EXERCISE ▸
Copy the data exactly. Images are the one exception.

SUPPLIED INFORMATION ▸
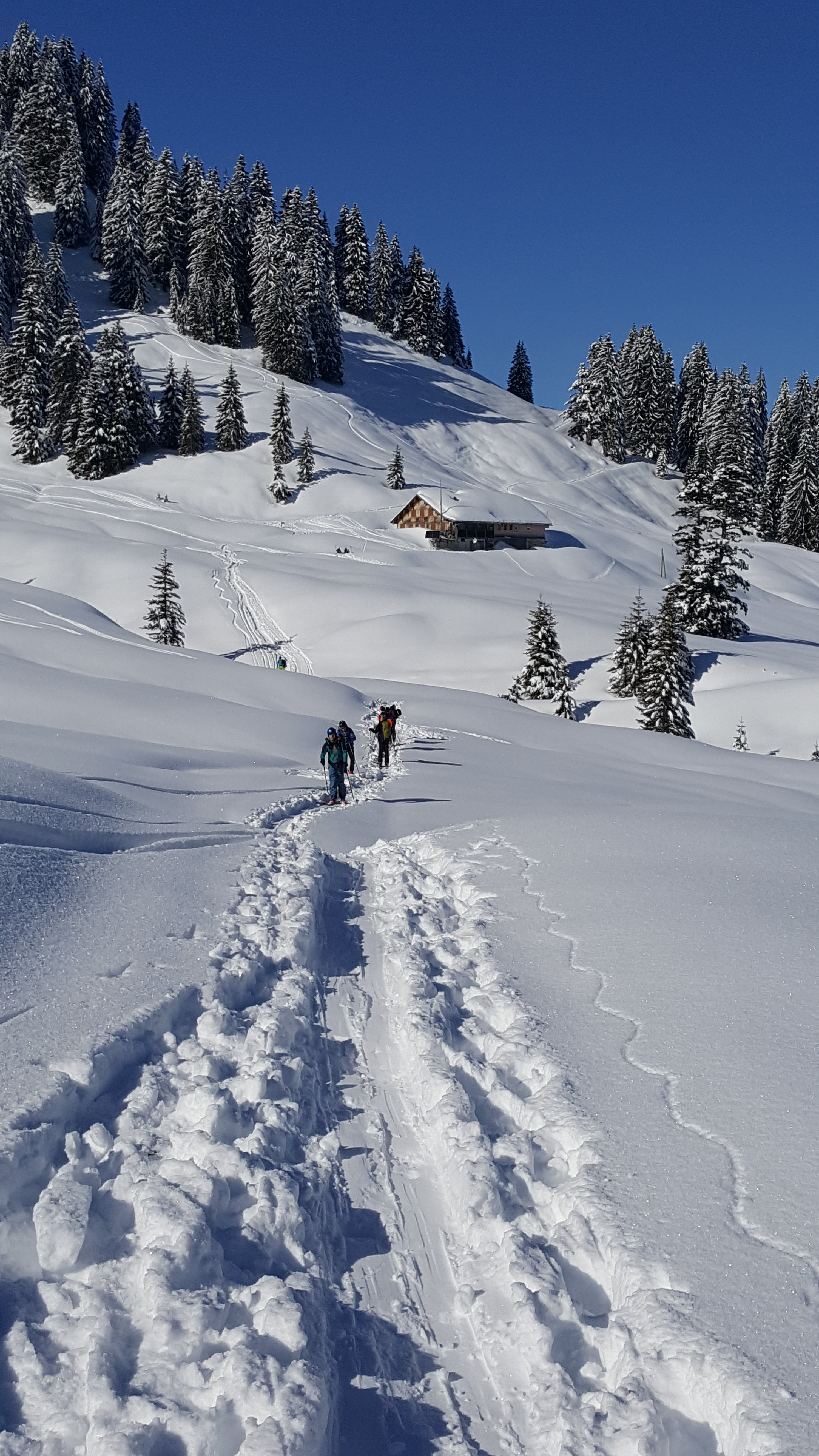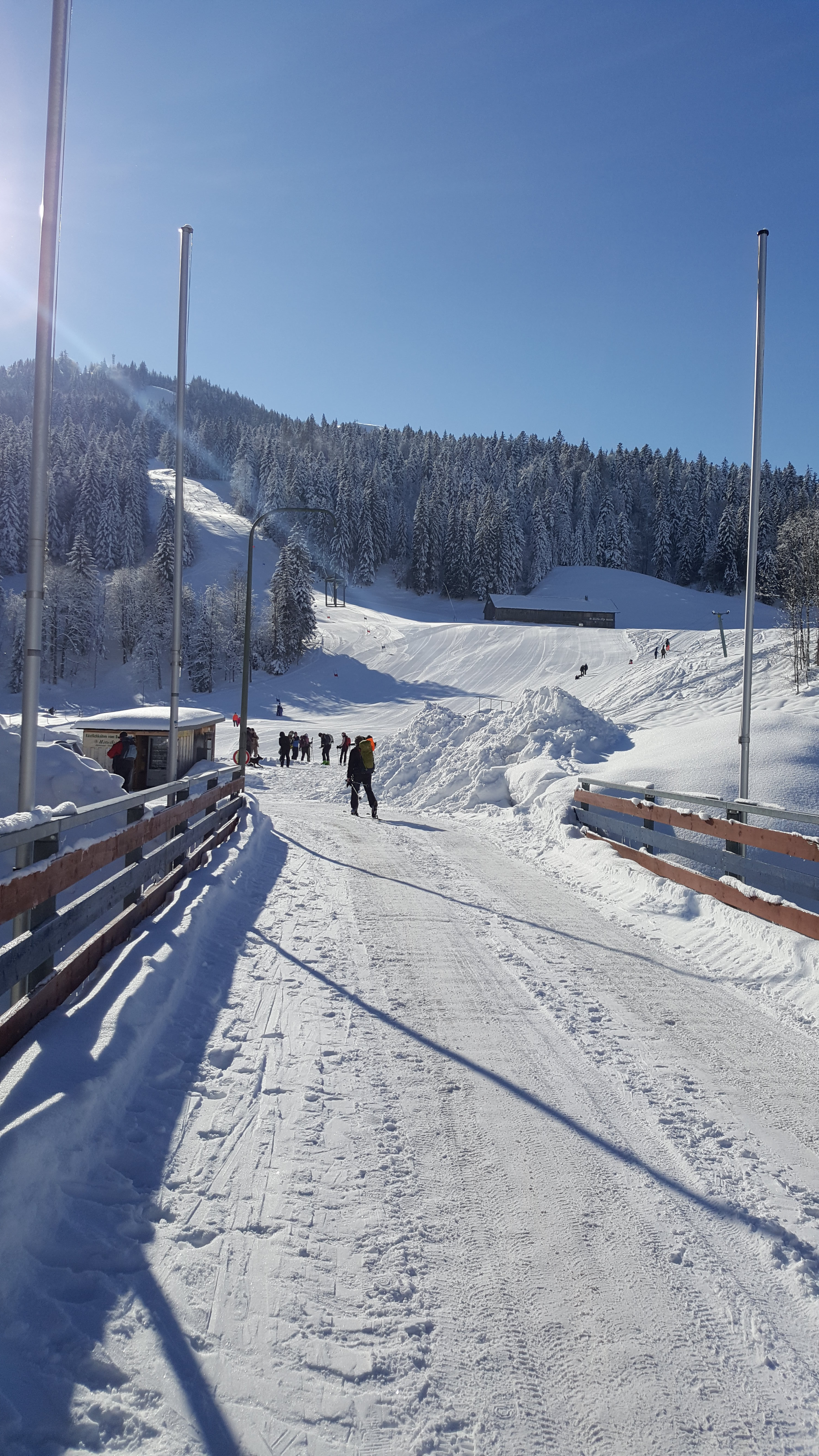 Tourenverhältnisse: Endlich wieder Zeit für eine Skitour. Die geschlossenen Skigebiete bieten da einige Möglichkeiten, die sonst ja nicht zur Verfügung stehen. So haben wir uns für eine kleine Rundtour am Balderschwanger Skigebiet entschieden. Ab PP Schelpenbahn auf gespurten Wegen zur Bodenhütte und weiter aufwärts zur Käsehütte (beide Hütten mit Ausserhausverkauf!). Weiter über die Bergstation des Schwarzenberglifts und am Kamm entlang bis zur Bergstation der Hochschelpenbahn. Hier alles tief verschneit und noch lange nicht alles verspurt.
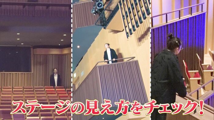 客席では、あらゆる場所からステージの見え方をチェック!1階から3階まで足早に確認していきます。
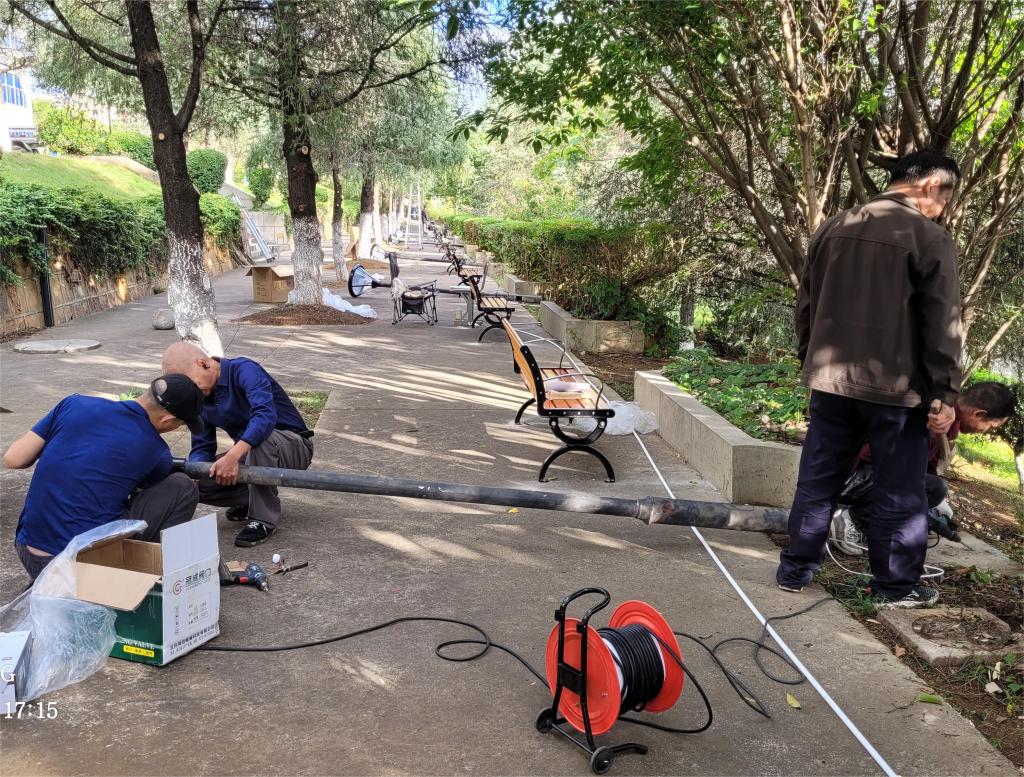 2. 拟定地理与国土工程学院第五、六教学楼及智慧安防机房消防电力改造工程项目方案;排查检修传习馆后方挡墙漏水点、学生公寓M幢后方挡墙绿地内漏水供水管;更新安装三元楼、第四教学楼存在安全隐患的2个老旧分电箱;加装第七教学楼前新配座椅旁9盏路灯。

SOLUTION TO THIS EXERCISE ▸
 Tourenverhältnisse: Endlich wieder Zeit für eine Skitour. Die geschlossenen Skigebiete bieten da einige Möglichkeiten, die sonst ja nicht zur Verfügung stehen. So haben wir uns für eine kleine Rundtour am Balderschwanger Skigebiet entschieden. Ab PP Schelpenbahn auf gespurten Wegen zur Bodenhütte und weiter aufwärts zur Käsehütte (beide Hütten mit Ausserhausverkauf!). Weiter über die Bergstation des Schwarzenberglifts und am Kamm entlang bis zur Bergstation der Hochschelpenbahn. Hier alles tief verschneit und noch lange nicht alles verspurt.
 客席では、あらゆる場所からステージの見え方をチェック!1階から3階まで足早に確認していきます。
 2. 拟定地理与国土工程学院第五、六教学楼及智慧安防机房消防电力改造工程项目方案;排查检修传习馆后方挡墙漏水点、学生公寓M幢后方挡墙绿地内漏水供水管;更新安装三元楼、第四教学楼存在安全隐患的2个老旧分电箱;加装第七教学楼前新配座椅旁9盏路灯。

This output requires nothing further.